Using these not only reduces the weight of consumption and government spending, but also gives us a better grasp of the real growth of the supply side of the economy and a much sharper view of the business cycle. The immediate conclusion from such measures is that entrepreneurship is the ultimate source of economic prosperity, a crucial part of well-being in the broader sense.
Supporters of such indicators usually also favor government accountability and fiscal sustainability. The use of an “index of fiscal illusion” to assess how transparent and accountable a government is regarding its spending could help improve long-term financial sustainability. Academics have tried to create such an index, but the results have gained little traction. In any case, ratings agencies and investors regularly assess countries’ financial sustainability.
Battle of the indexes
Which index will win out? There are two broad potential scenarios.
One is that King GDP will not be dethroned. Its role as a cornerstone metric in various official calculations will solidify its position for the foreseeable future. Competition among the other metrics makes it more difficult for any of them to gain a foothold. The ability to use complementary measures (such as the Gini coefficient for inequality) to refine GDP strengthens its claim. In this scenario, GDP will dominate for a while, though possibly with improvements like adding the complements mentioned above.
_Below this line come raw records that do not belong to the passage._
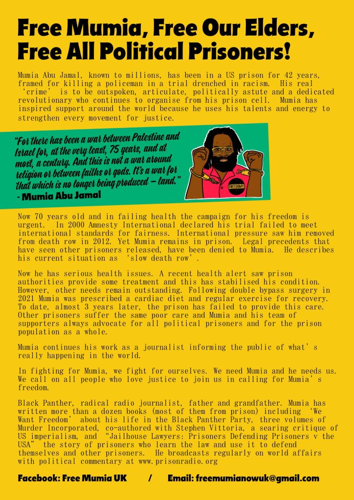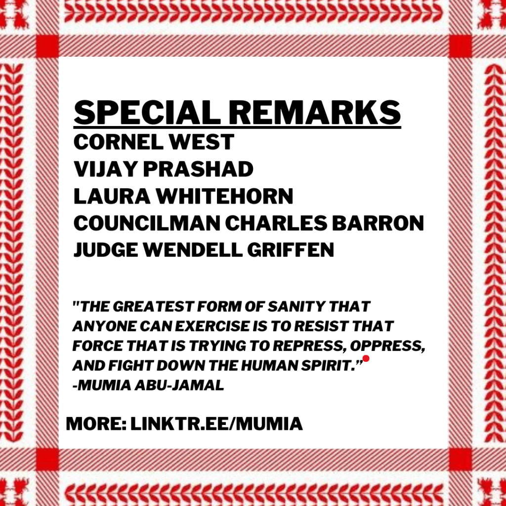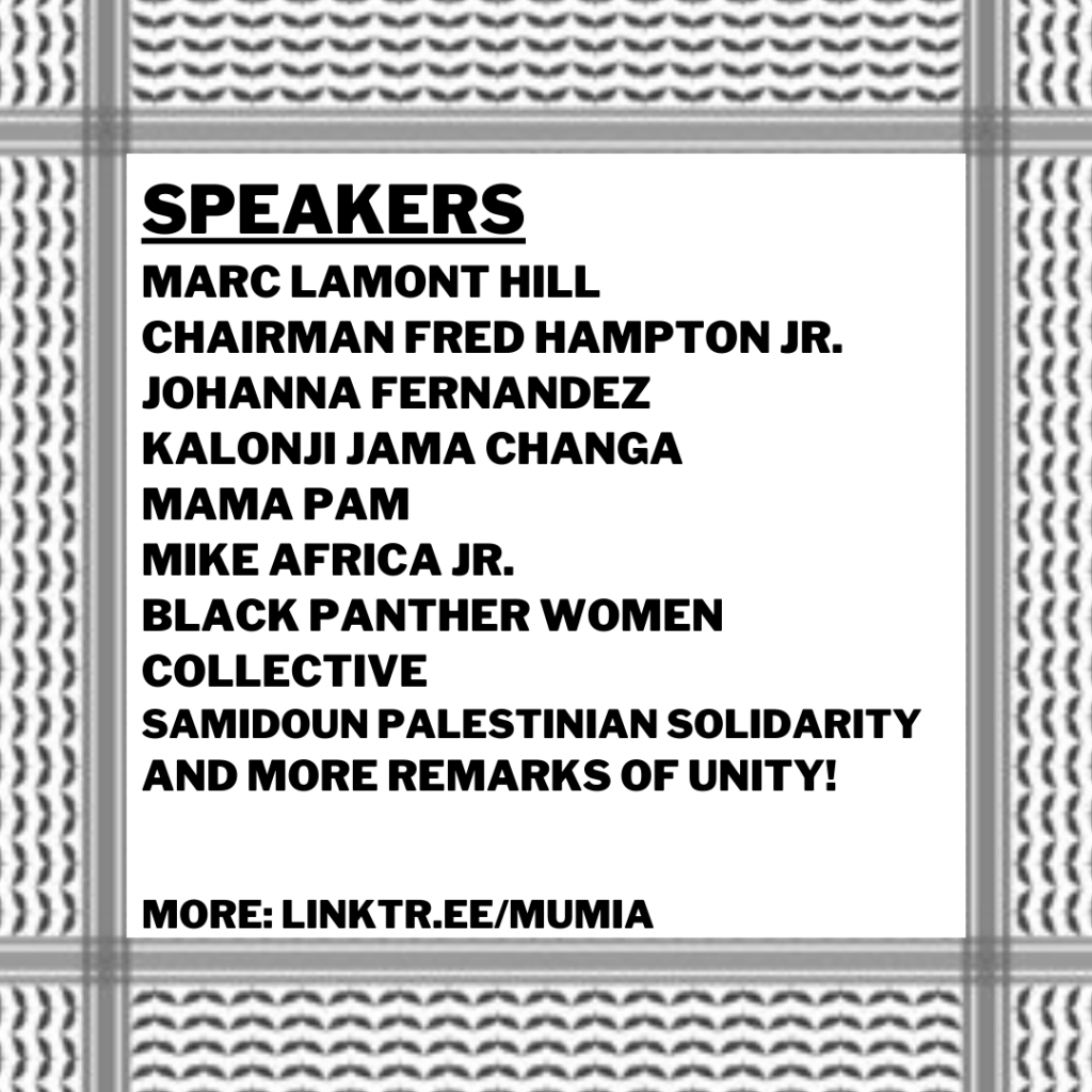 Please see flyers and info below about the April 24, 2024 afternoon and evening events in Philadelphia; details about NYC and Boston charter bus travel to and from Philly; and upcomingactions throughout the world demanding that Pennsylvania FREE Mumia Abu-Jamal. Here is a document explaining how to contact Mumia and send letters, books, money, and/or photos! Please send details if you are organizing or know of another action for Mumia. We’ll spread the word.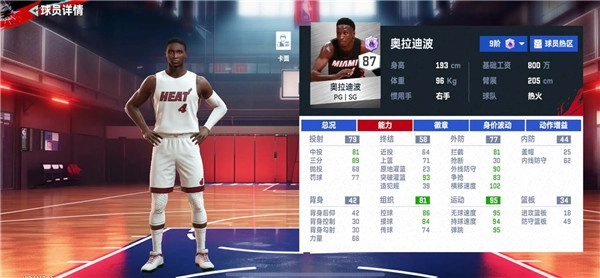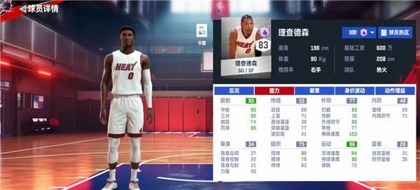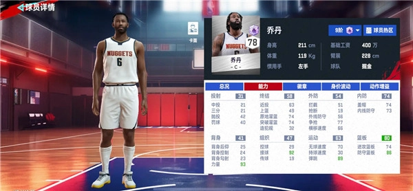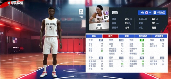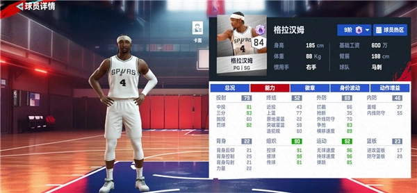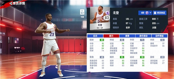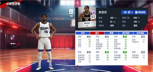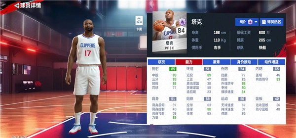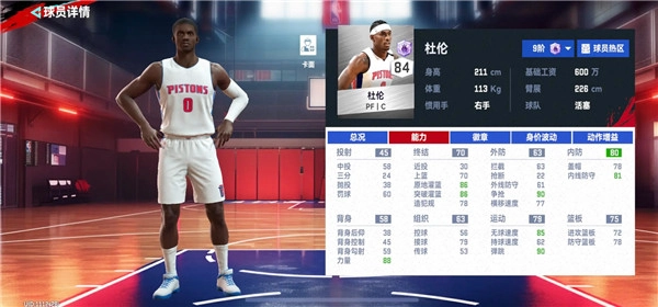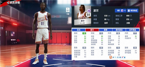 游戏中,投射属性优异,完全可以承担起空间队伍侧翼主力位置。模型和防守属性是他的基本盘。优秀的移速和弹跳,盖帽抢断双修,均为优秀水准!运控能力良好,可以简单持球。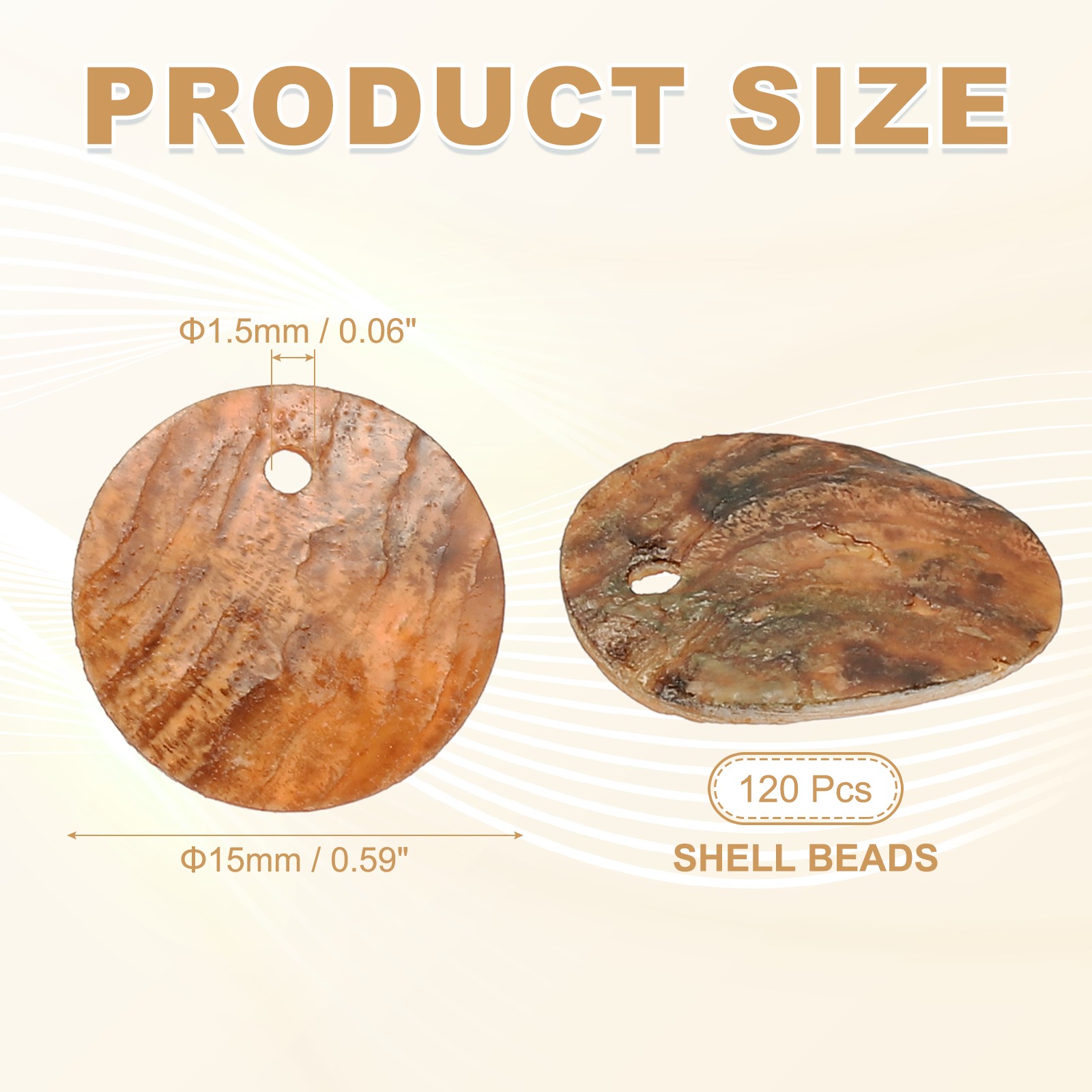 120Pcs Shell Beads for Jewelry Making, Flat Shell Coin, Light Orange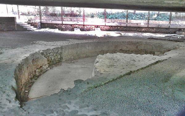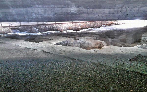 Περπατώντας στο πλακόστρωτο κάτω από τα δέντρα αισθάνεσαι ευχάριστα και σε περιμένει άλλη μια έκπληξη. Μετά από λίγα μέτρα βρίσκεσαι να περπατάς παράλληλα με μια φροντισμένη περιοχή κάτω απ΄τον αυτοκινητόδρομο, πλήρως ανασκαμένη και επιμελημένη από τους αρχαιολόγους. Ένα συρματόπλεγμα σε χωρίζει από ένα ακόμη κομμάτι της ιστορίας της πόλης για το οποίο ίσως δεν γνωρίζεις και τίποτα. Δεν υπάρχει καμιά σήμανση που να σε διευκολύνει για να μάθεις και να αναγνωρίσεις τα αρχαιολογικά ευρήματα.Και είναι πραγματικά κρίμα που δεν φροντίζει η εφορία και ο δήμος να κάνουν γνωστό το μνημείο με σήμανση που να οδηγεί σ΄αυτό αλλά και με μια επιγραφή που εν συντομία να το περιγράφει.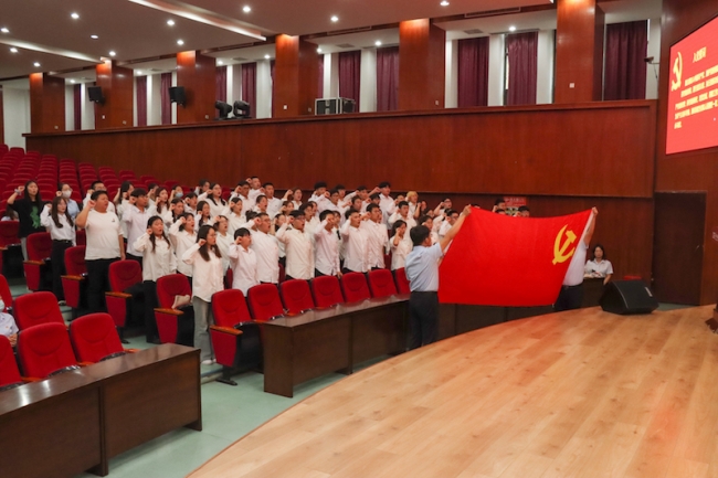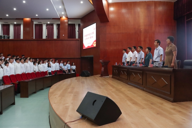 伴着庄严的国歌,大会正式拉开帷幕。新发展预备党员起立,由党委组织部副部长乔谷阳同志带领新发展预备党员进行入党宣誓,老党员重温入党誓词。铿锵有力的宣誓声响彻报告厅,振奋人心。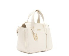 Bolsa Tote Média Bag Charm Branca. O modelo tem shape retangular estruturado com cantoneiras arredondadas, contornado em fita. Possui fecho superior em zíper com puxador em tira. Com alça longa transversal regulável e alças de mão, apresenta detalhe em costura ornamental e aplicação de pin metálico com assinatura Anacapri na capa frontal. Com bolsinho interno para acomodar pequenos itens, o modelo acompanha bag charm metálico Anacapri removível. O acessório pode ser usado separadamente da bolsa.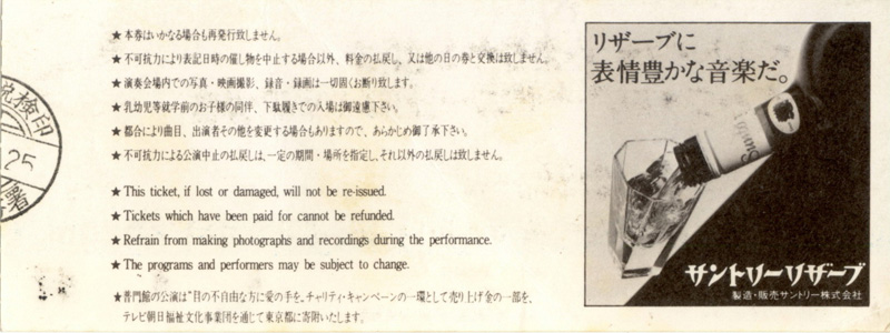 1988ǯ4·î30Æü¥«¥é¥ä¥ó/¥Ù¥ë¥ê¥ó¡¦¥Õ¥£¥ë¤ÎÂçºå¸ø±é¤Î¥Á¥±¥Ã¥È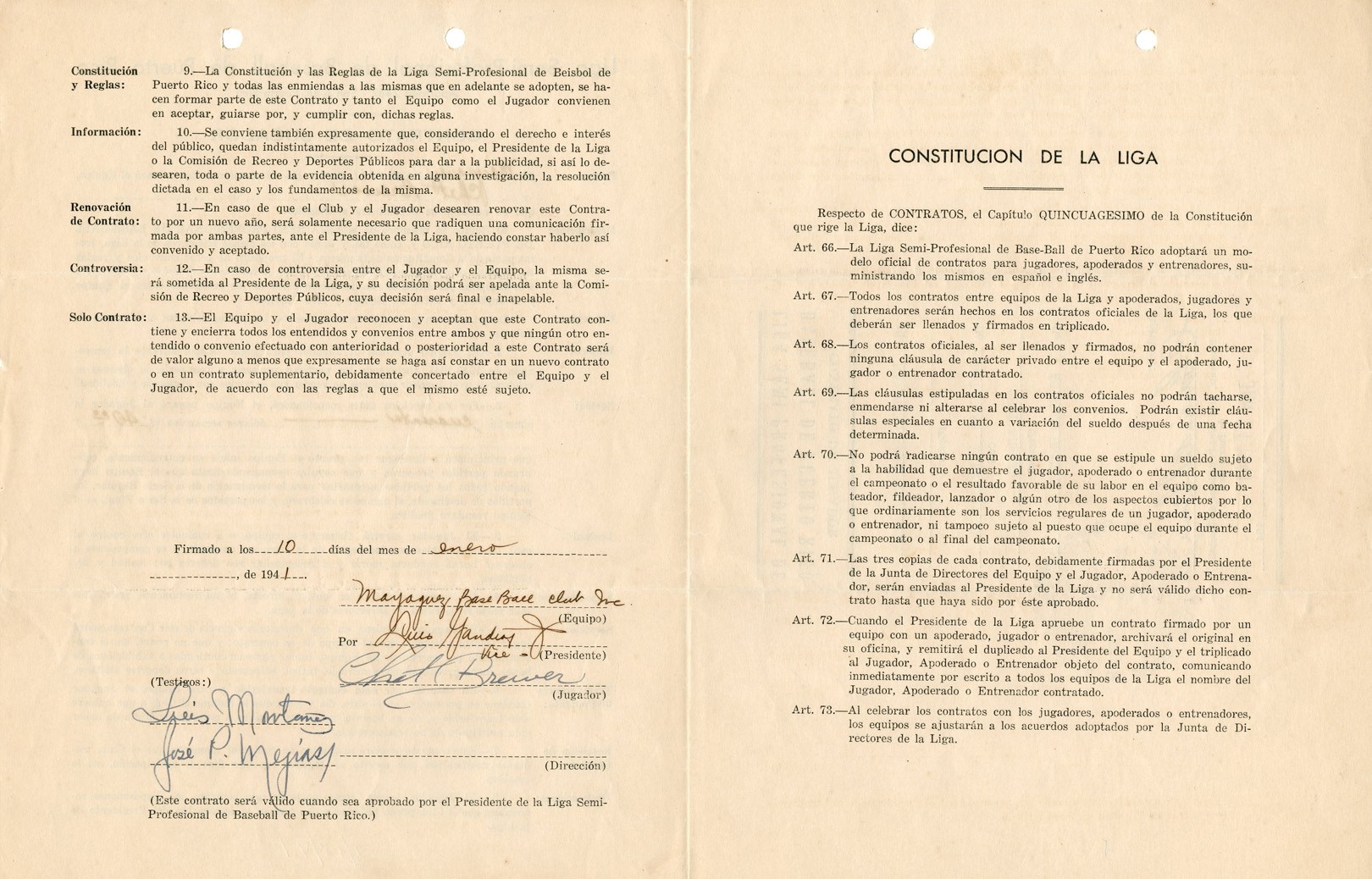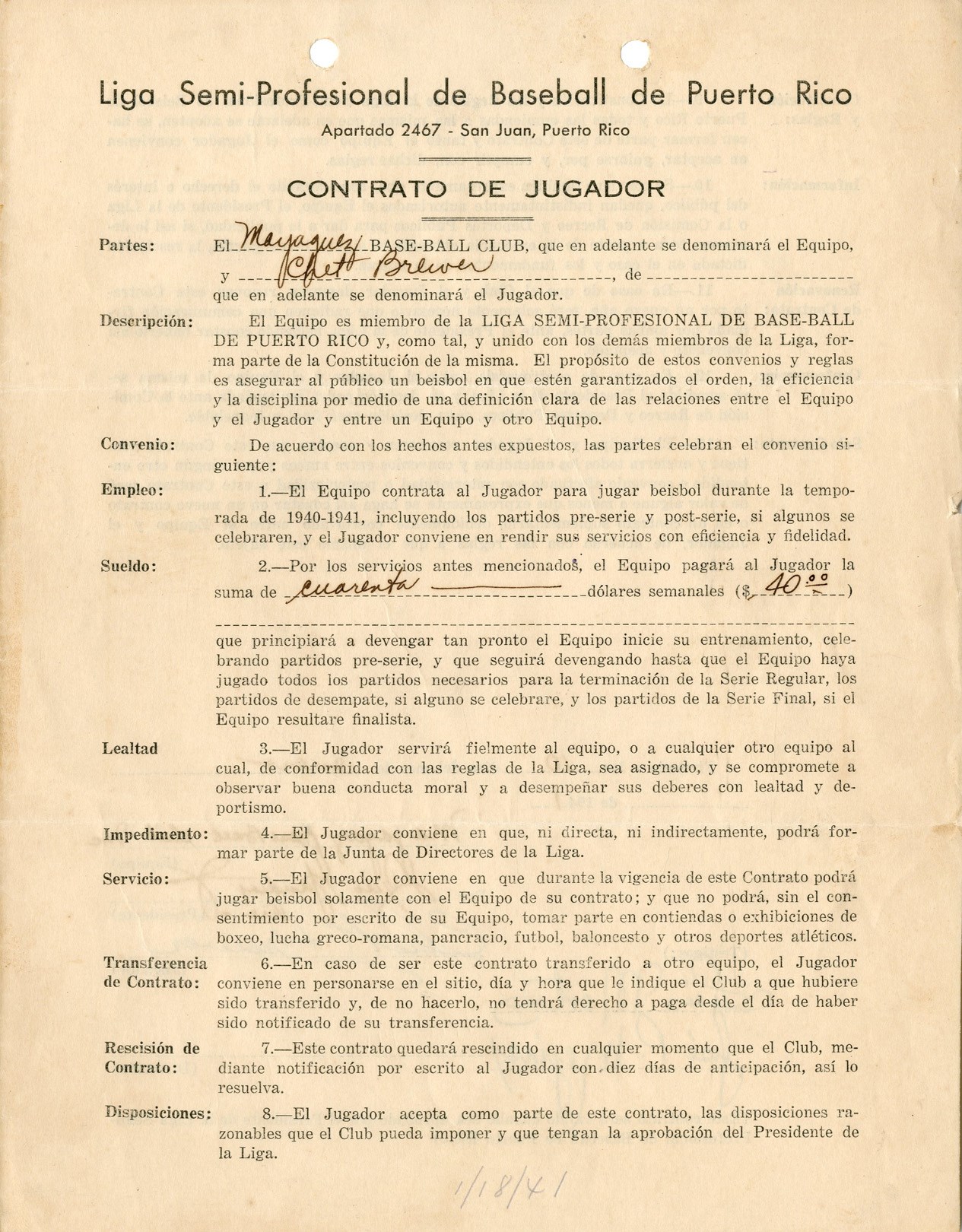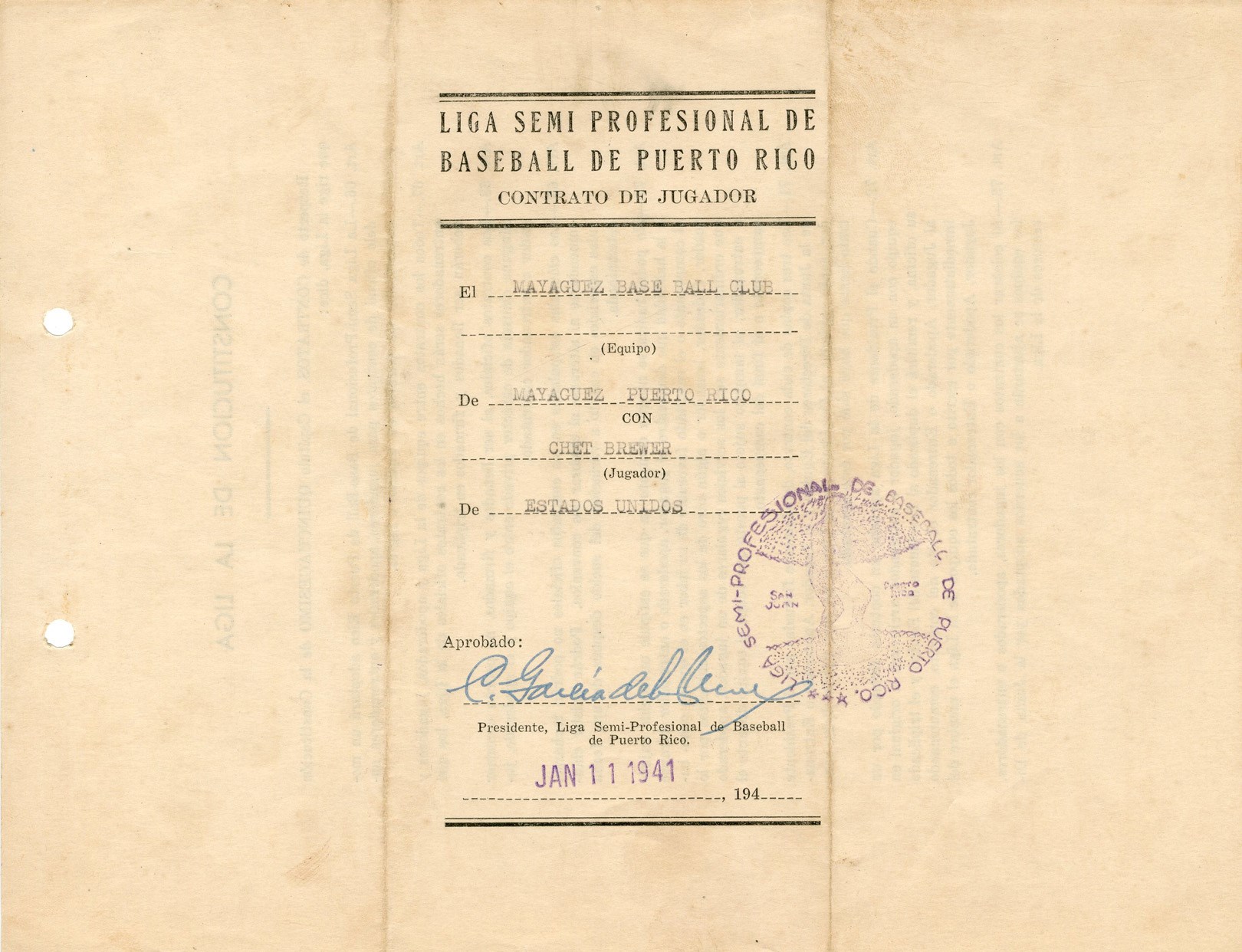 Lot # 416: 1940-41 Chet Brewer Mayaquez Indians Contract

Another perspective sees GDP losing ground due to political agendas in various countries. When those in power see that different metrics can bolster their political philosophies, they may begin to cast GDP aside. The other measures will gain ground, regardless of how methodologically questionable they may be. The recently popular measure of “carbon footprint” is a good example. Energy sources that emit less carbon dioxide (such as diesel, nuclear power or electric batteries) can produce significant pollutants or other dangers.
Political actors can resort to conveying a false impression of environmental friendliness or social benefits (known respectively as “greenwashing” and “social washing”) to gain economic or geopolitical leverage. Bureaucracies have a vested interest in promoting their own favored measure of welfare, since its adoption would likely increase their power to regulate and receive funding.
The Covid-19 crisis could favor either scenario, depending on the country. Those that experience a strong economic recovery will be happy to stick with GDP as their measure of choice. In those with moribund economies, politicians may want to find new performance metrics, such as environmental sustainability or inequality, to distract attention from their economic failures. Whichever of these two groups outweighs the other will tip the balance for or against GDP. Perhaps the “Great Reset” narrative will also reset how we measure our well-being.